= Ron Fournier (radio personality) =

Ronald Fournier (born August 3, 1949) is a Quebec-born radio host and sport journalist. He is also a retired professional hockey referee.

==Early life==
Fournier was raised in Montreal. In his youth he played baseball with teammates Maurice Jr. and Normand Richard (Maurice Richard's sons) with the Braves d'Ahuntsic. When winter came, he switched to a goalie outfit with which he would be drafted with the Drummondville Rangers in the beginnings of the LHJMQ.

He was never drafted by the National Hockey League but he had already thought of becoming a referee if he couldn't get in the league as a hockey player. At the age of 19, he called the city of Montreal and the day after he was scheduled to become a referee. He then went on to do four years in the World Hockey Association followed by 10 years in the National Hockey League which he retired from in 1987.

==Radio & Journalism==
In 1987 he became a radio host. It all started at CJMS, then switched to CKAC in 1994, a radio station based in Montreal where he hosts multiple call-in shows about sports in general, such as Bonsoir les sportifs (Good evening sportspeople) and Parlons hockey (Let's talk hockey). The first is the one he is most known for and racks up to 300,000 listeners, most of them Montreal Canadiens fans that await his prophetic words and his magnanimous phrase.

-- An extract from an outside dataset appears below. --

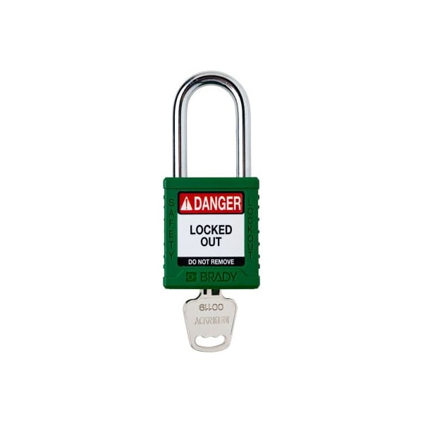 Brady Safety Lockout Padlock, Keyed Different, 1-1/2in, Plastic/Steel, Green

He also appears on other shows broadcast by Corus. On television, he was an intermission analyst on La Soirée du hockey (Hockey Night) on Radio-Canada. As a radio announcer he is mostly known for saying Pas pire, pas pire, pas pire (Not bad, not bad, not bad) and some would nickname him the French-Canadian Don Cherry.

==Other involvements==
He is the current president of an eponymous hockey referee school situated in the arena in Candiac, Quebec.

The band Les Cowboys Fringants have written a song that portraits him, Salut mon Ron, which was showcased on the album Break syndical in 2002.